**Data:**
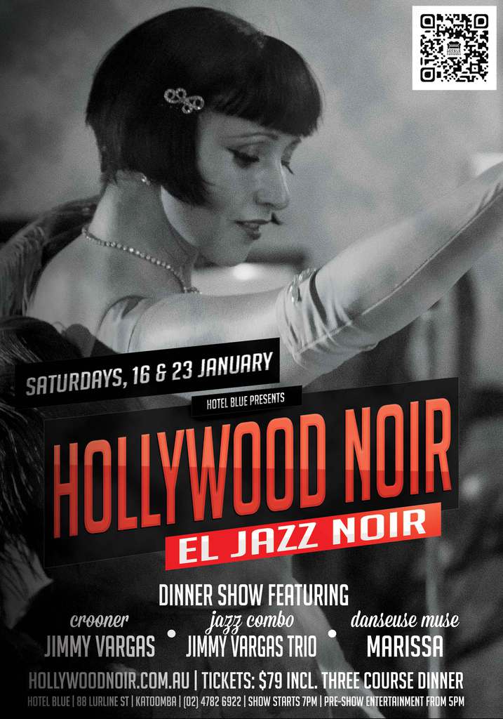 Enter the darkly glamorous world of nineteen-forties Hollywood crime dramas. Experience Jimmy Vargas and the Jimmy Vargas Trio live on stage as they create their own lost nineteen-forties Hollywood burlesque underworld.
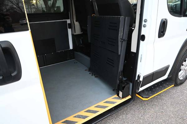 Door Opening Height: 66" and Lift width: 32". 2021 Ram ProMaster 1500 Low Roof SunSet Vans Manual Side Entry Fold Out Ramp van for Sale. Converted by SunSet Vans, this Full-Sized van has been fitted with a side-load fold out ramp for your transportation needs. It includes the rare dual slider doors, and wheelchair restraint pucks. With a 32 inch wide ramp this is a great option for larger wheelchair passengers who need the space. This van is well designed for ease of loading and a comfortable spacious ride. Accommodates 6 seated passengers plus two wheelchair users. This exceptionally handy ProMaster runs great, has been well maintained, has a New transmission with full Ram warranty, and is in good shape. It has clean Colorado title, but has a total loss on CarFax. Also features; beautiful white exterior, gray cloth interior, with black vinyl rear seats, steel wheels with hubcaps, tires have 30% tread life left, Uconnect 5? Display AM/FM sound system with CD player and AUX port, hot Heat and Cold AC with rear system controls, power windows, mirrors, and locks, keyless remote, cruise control, rear barn doors, front and side-curtain airbags, anti-lock brakes, traction and stability control, active seat belts, and rear back-up camera. Smooth and efficient 3.6L 6-cylinder Chrysler motor with front wheel drive, and much more. This vehicle is offered for sale by Mobility Auto Group. With two Colorado locations at: 1500 W Campus Drive, Littleton CO 80120 & 2311 S Platte River Drive, Denver CO 80223. We don't charge a Dealer Handling Fee and are your mobility one-stop-shop. Just give us a call as we offer it all: sales, service, parts, and rentals. Open M-F 9am - 6pm. Sat by appt. Call (844) 289-2635.
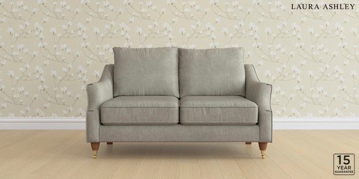 6.12.1 Buy Beverley by Laura Ashley 2 Seater Sofa Bainton Pale Steel Grey Low Brass Castor - Teak from the Laura Ashley online shop Click here to use our website with more accessibility support, for example screen readers
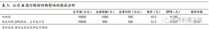 在上述公司A进行股份回购的假设案例中,由于回购行为不会导致公司净利润出现变化,回购前后净利润均为500亿元,因此在回购后,A公司的EPS将由0.5元上升至0.625元,提升幅度为25%。
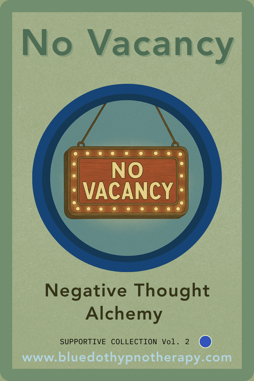 and install a simple but powerful post-hypnotic cue that you can call on in daily life, so that whenever an unwanted thought arises, you can simply say No Vacancy, and feel your boundaries hold. You will emerge feeling calm, clear, and quietly in command of your own mind.
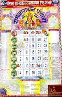 The Lala Ramswaroop Panchang includes information such as ‘Tithi’ (Hindu date), ‘Vara’ (days of the week), ‘Nakshatra’ (group of stars), ‘Yoga’ (auspicious moment), and ‘Karan’ (half of the Tithi).
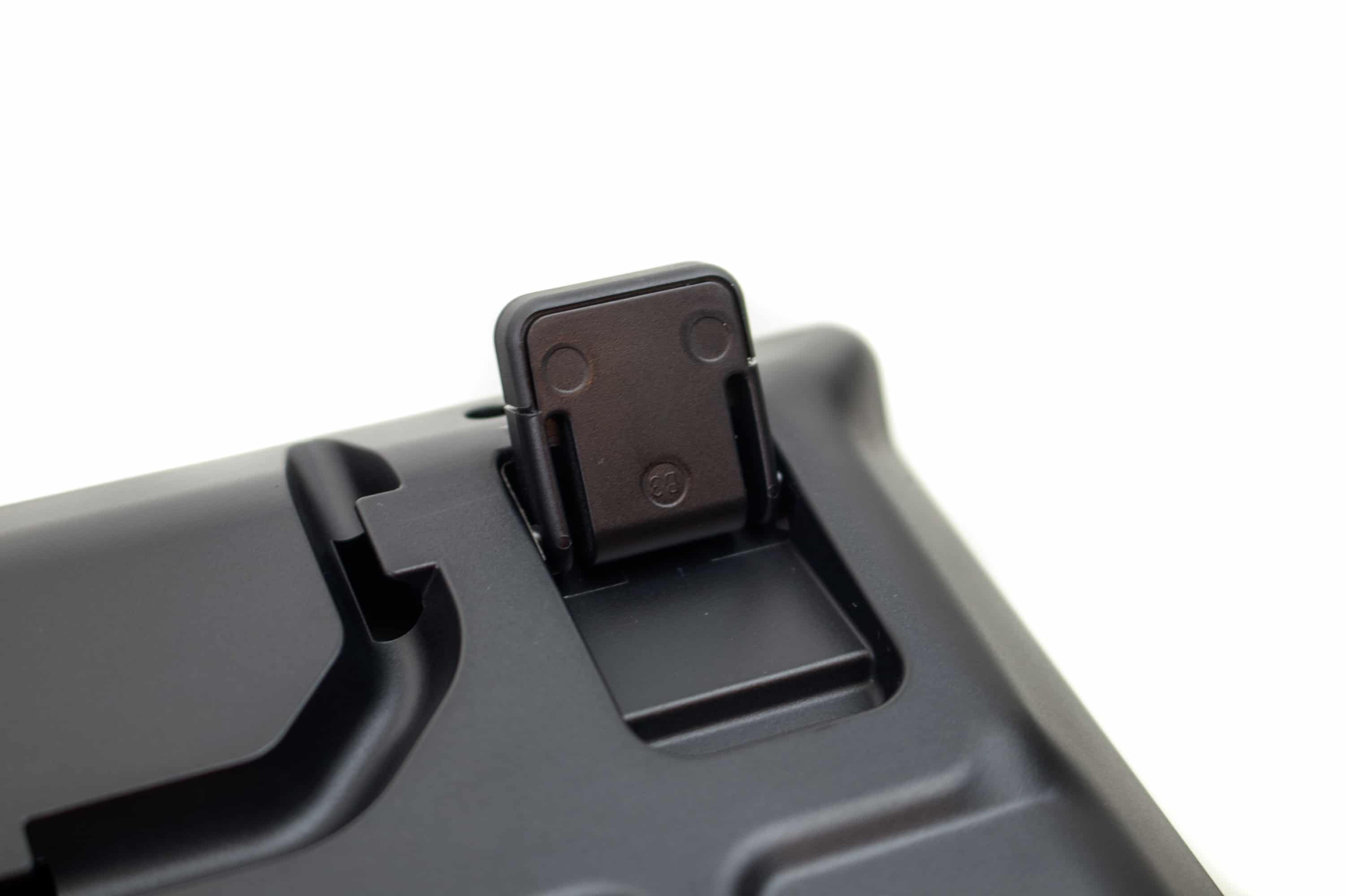 Mit Maßen von 39,69 x 444,7 x 151,62 Millimeter ist die Tastatur durchschnittlich groß für eine Fullsize-Tastatur. Die solide, magnetische Handballenauflage ergänzt die Tastatur nach Bedarf um weitere acht Zentimeter.

**The problem:** Write every entry out again exactly, dropping the pictures.

**Exercise result:**
 Enter the darkly glamorous world of nineteen-forties Hollywood crime dramas. Experience Jimmy Vargas and the Jimmy Vargas Trio live on stage as they create their own lost nineteen-forties Hollywood burlesque underworld.
 Door Opening Height: 66" and Lift width: 32". 2021 Ram ProMaster 1500 Low Roof SunSet Vans Manual Side Entry Fold Out Ramp van for Sale. Converted by SunSet Vans, this Full-Sized van has been fitted with a side-load fold out ramp for your transportation needs. It includes the rare dual slider doors, and wheelchair restraint pucks. With a 32 inch wide ramp this is a great option for larger wheelchair passengers who need the space. This van is well designed for ease of loading and a comfortable spacious ride. Accommodates 6 seated passengers plus two wheelchair users. This exceptionally handy ProMaster runs great, has been well maintained, has a New transmission with full Ram warranty, and is in good shape. It has clean Colorado title, but has a total loss on CarFax. Also features; beautiful white exterior, gray cloth interior, with black vinyl rear seats, steel wheels with hubcaps, tires have 30% tread life left, Uconnect 5? Display AM/FM sound system with CD player and AUX port, hot Heat and Cold AC with rear system controls, power windows, mirrors, and locks, keyless remote, cruise control, rear barn doors, front and side-curtain airbags, anti-lock brakes, traction and stability control, active seat belts, and rear back-up camera. Smooth and efficient 3.6L 6-cylinder Chrysler motor with front wheel drive, and much more. This vehicle is offered for sale by Mobility Auto Group. With two Colorado locations at: 1500 W Campus Drive, Littleton CO 80120 & 2311 S Platte River Drive, Denver CO 80223. We don't charge a Dealer Handling Fee and are your mobility one-stop-shop. Just give us a call as we offer it all: sales, service, parts, and rentals. Open M-F 9am - 6pm. Sat by appt. Call (844) 289-2635.
 6.12.1 Buy Beverley by Laura Ashley 2 Seater Sofa Bainton Pale Steel Grey Low Brass Castor - Teak from the Laura Ashley online shop Click here to use our website with more accessibility support, for example screen readers
 在上述公司A进行股份回购的假设案例中,由于回购行为不会导致公司净利润出现变化,回购前后净利润均为500亿元,因此在回购后,A公司的EPS将由0.5元上升至0.625元,提升幅度为25%。
 and install a simple but powerful post-hypnotic cue that you can call on in daily life, so that whenever an unwanted thought arises, you can simply say No Vacancy, and feel your boundaries hold. You will emerge feeling calm, clear, and quietly in command of your own mind.
 The Lala Ramswaroop Panchang includes information such as ‘Tithi’ (Hindu date), ‘Vara’ (days of the week), ‘Nakshatra’ (group of stars), ‘Yoga’ (auspicious moment), and ‘Karan’ (half of the Tithi).
 Mit Maßen von 39,69 x 444,7 x 151,62 Millimeter ist die Tastatur durchschnittlich groß für eine Fullsize-Tastatur. Die solide, magnetische Handballenauflage ergänzt die Tastatur nach Bedarf um weitere acht Zentimeter.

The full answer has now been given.